In the cockpit, the pilots noticed the effects of the bad data within seconds of its creation. First, the autopilot disconnected as it proved unable to reconcile the differences in the data it was receiving from the three ADIRUs. Captain Sullivan immediately announced that he had manual control. Less than five seconds later, the pilots found themselves bombarded by a sudden cascade of warnings triggered by the mislabeled and corrupted data. Fault messages flooded onto the computer screen in the central console, and the “stall” and “overspeed” warnings both started going off intermittently — an obviously impossible combination, considering that one indicated they were flying too slow and the other indicated they were flying too fast!

Captain Sullivan tried engaging the A330’s second, backup autopilot. At the same time, the airspeed and altitude values on Sullivan’s flight display, which sources its data from ADIRU 1, appeared to go haywire, fluctuating wildly in a manner completely inconsistent with the aircraft’s level and docile trajectory. A fault message and warning light associated with the number one inertial reference unit (part of ADIRU 1) also went off. In response to the unreliable airspeed indications, Sullivan switched the autopilot back off and flew the plane manually using the standby instruments on the center console. Utterly baffled by the cascade of apparently false warnings, Captain Sullivan and Second Officer Hales called First Officer Lipsett back to the cockpit to help figure out what was going on.

But before Lipsett made it to the cockpit, the sequence of events unfolding in the realm of information suddenly broke through into the real world. A spike of altitude data mislabeled as AOA data and marked as valid by the flight computer triggered two separate emergency conditions of the A330’s so-called alpha floor protections. Alpha floor protections, a central part of Airbus’ design philosophy, are limits imposed on the pitch, angle of attack, airspeed, and bank angle that will trigger automatic corrective actions when exceeded. These protections normally prevent pilots from making control inputs that could put the plane into a dangerous attitude, and correct a dangerous attitude if one develops. But the faulty data incorrectly triggered two of the alpha floor protections even though the aircraft was in a normal attitude for cruise flight. A system called “high AOA protection” detected an excessively high angle of attack (sourced from the faulty ADIRU 1) and applied a 4-degree nose down elevator input, the maximum it could command, to help bring the AOA back within limits. At exactly the same time, the same bad data triggered a separate system called “anti-pitch up compensation” that is intended to counteract the A330’s tendency to pitch up when flying at a high speed and high angle of attack. This system applied a 6-degree nose down elevator input, which also happened to be the maximum it could command. The two nose-down commands were additive, together applying a sudden 10-degree nose down elevator movement.

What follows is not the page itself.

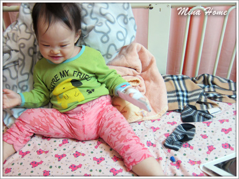 前一天回家洗澡,特地帶來小妹最愛的玩具,果然小妹一玩就好開心。
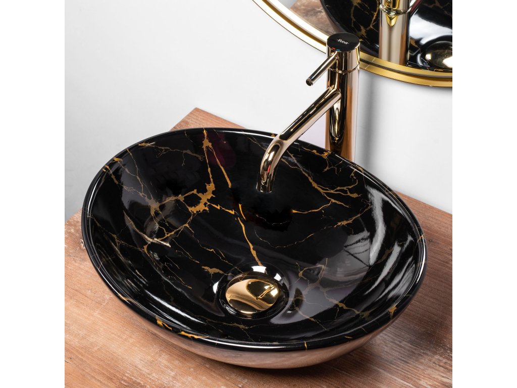 Predstavujeme Vám moderné nové umývadlo na dosku série Rea Sofia. Umývadlo oválneho tvaru je vyrobené z vysoko kvalitných materiálov. Vďaka svojim vlastnostiam splní požiadavky všetkých ľudí, ktorí požadujú dokonalé vlastnosti a parametre podľa svojich predstáv. Ide o perfektný model pre zákazníka, hľadajúceho predovšetkým funkčné, ale hlavne jednoduché riešenie. Umývadlo je určené na montáž na dosku, ale je možné ho kombinovať aj so skrinkou. Umývadlo je vyrobené v čiernom prevedení s mramorovým efektom a vďaka špeciálnej fáze výroby sa ľahko čistí a je veľmi odolné. Vďaka zvolenej technike povrchovej úpravy je každé umývadlo originálne, má svoj jedinečný vzor.

The two control mechanisms triggered by the bad AOA data. Image source: the ATSB

The effect of a 10-degree nose down command while in cruise flight was sudden and catastrophic. The plane entered an immediate dive, flinging into the ceiling anyone and anything that wasn’t tied down. At least 60 seated passengers weren’t wearing their seat belts, and the negative G-forces slammed them head-first into the passenger service units on the bottom of the overhead bins. Several others, including most of the crew and some 20 passengers, were out of their seats carrying out various duties or making their way to the toilets. They too found themselves thrown against the ceiling with great force. Luggage compartments burst open, spilling suitcases and backpacks into the aisles. Drinks, food, laptops, books, and other loose items flew in every direction.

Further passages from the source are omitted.